Progressive Enablement¶

# Stage 1: TLP only (fast, algorithmic)
export NORNICDB_AUTO_TLP_ENABLED=true

# Stage 2: TLP + Heimdall review (higher quality)
export NORNICDB_AUTO_TLP_ENABLED=true
export NORNICDB_AUTO_TLP_LLM_QC_ENABLED=true

# Stage 3: Full hybrid (TLP + review + augmentation)
export NORNICDB_AUTO_TLP_ENABLED=true
export NORNICDB_AUTO_TLP_LLM_QC_ENABLED=true
export NORNICDB_AUTO_TLP_LLM_AUGMENT_ENABLED=true

How Heimdall QC Works¶

TLP Generates Candidates (fast)
         ↓
   Batch Suggestions (max 5)
         ↓
  Check Size Limits (4KB)
         ↓
   Too Large? → Skip review, pass through
         ↓
   Heimdall SLM Reviews Batch
         ↓
   Error? → Log, approve all (fail-open)
         ↓
  Return approved + augmented

Error Handling¶

Heimdall uses fail-open behavior: - LLM error → Log warning, approve batch, continue - LLM timeout → Log warning, approve batch, continue - Invalid JSON → Fuzzy parse or approve all - Prompt too large → Skip review, pass through

No retries.

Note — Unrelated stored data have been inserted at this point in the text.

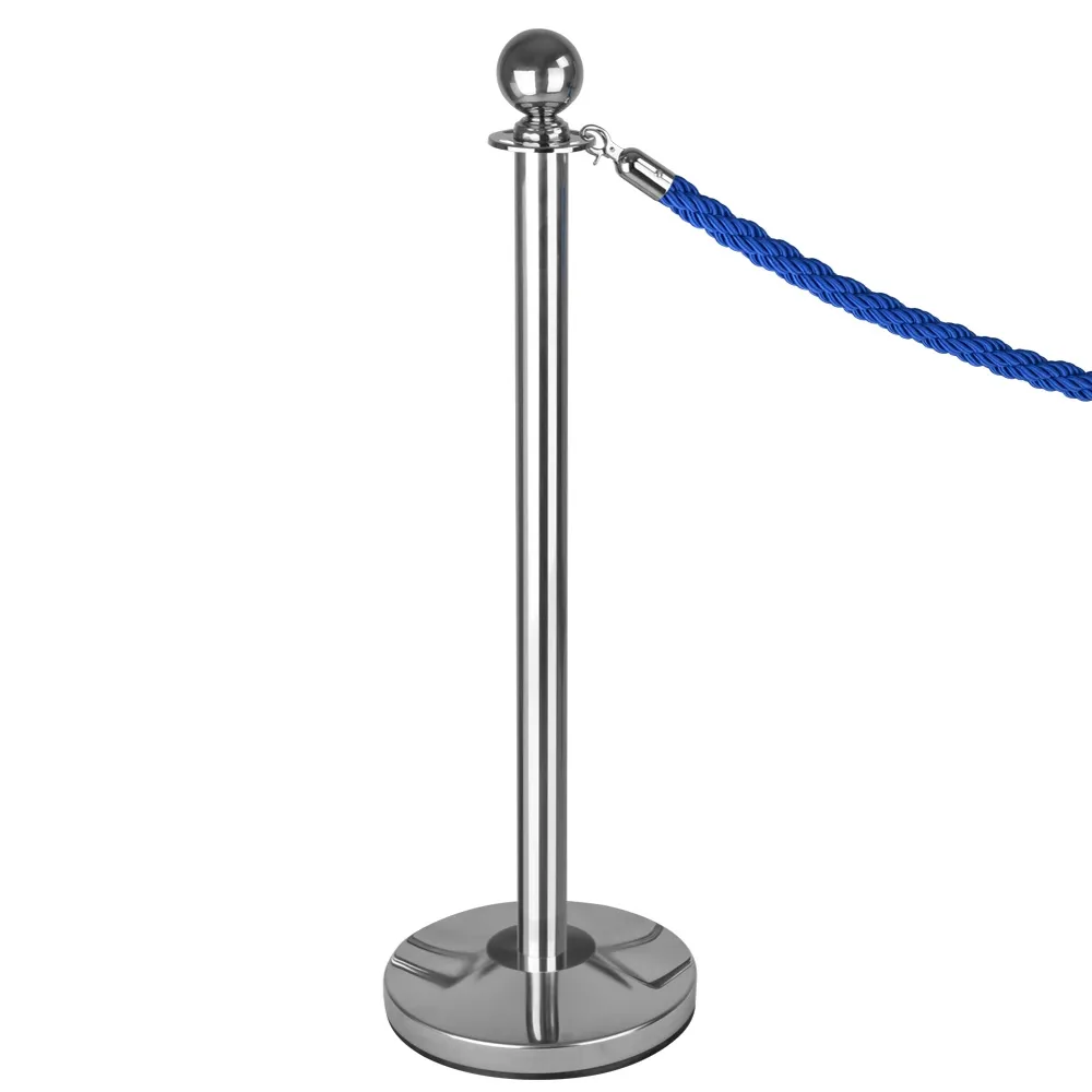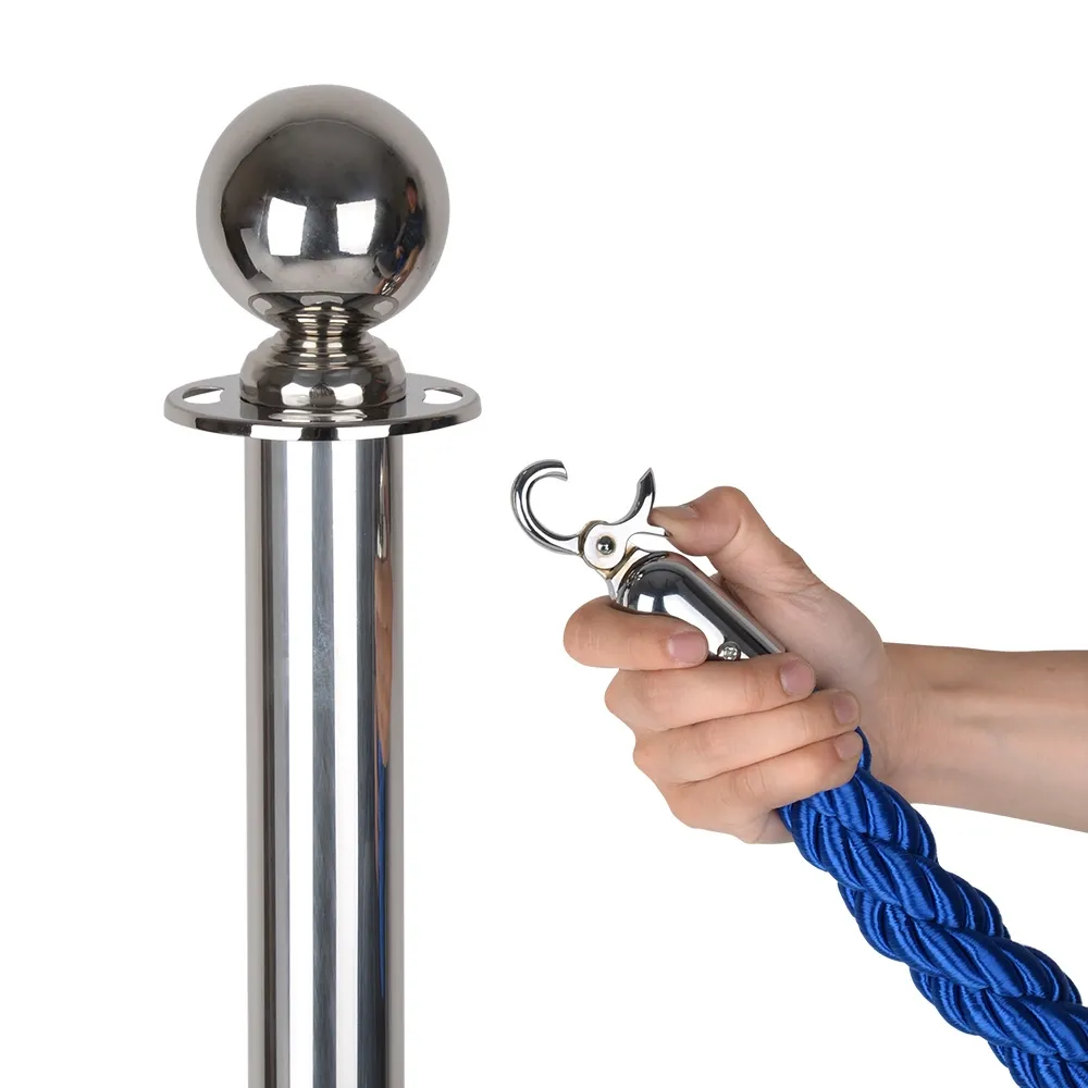 The movie theatre rope, rope divider includes (2) stanchions with your purchase that are 1m tall with a decorative globe on top. The steel post is great for use in heavily-trafficked areas, with a silver finish that will work in any location. The top has (4) slots for putting the ropes together in the best configuration for your business.
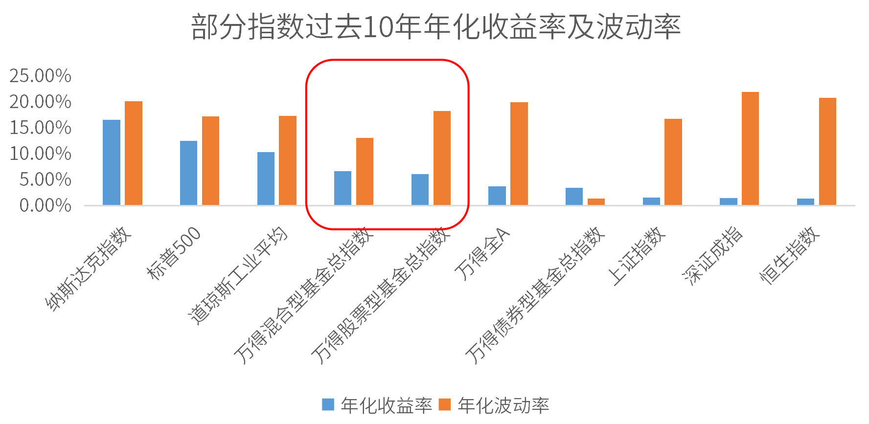 但是通过简单的股债混合,我们可以有效降低波动率。例如我们看到万得混合基金指数,对比万得股票型基金指数,虽然收益率水平相似,但是混合型基金指数波动率明显降低。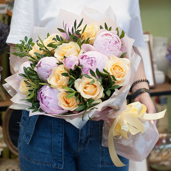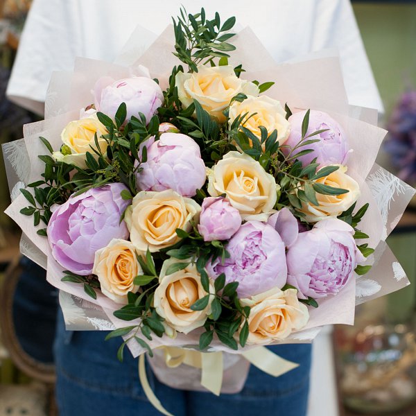 Букет из пионов и роз "Hanna" - это изысканный и стильный подарок, который станет незабываемым сюрпризом для любого случая.

If Heimdall fails, TLP's suggestions pass through unchanged.

Performance Impact¶

Mode	Latency per Node	Edge Quality
TLP Only	~5-20ms	Good
TLP + Heimdall QC	~100-500ms	Better

Mitigations: - Batching reduces LLM calls - Caching prevents redundant reviews - Size limits avoid slow large-context calls

See Heimdall TLP QC Proposal for full details.

Summary¶

Aspect	Details
Purpose	Automatically infer relationships
Flag	`NORNICDB_AUTO_TLP_ENABLED`
Default	❌ Disabled
Triggers	OnStore (new nodes), OnAccess (reads)
Signals	Semantic, co-access, temporal, transitive
Cleanup	Edge Decay (enabled by default)
QC	Optional Heimdall SLM review
Alternative	`CALL gds.linkPrediction.*` procedures

"The Norns weave your data's destiny" — When Auto-TLP is enabled, NornicDB automatically discovers and creates the connections that give your data meaning.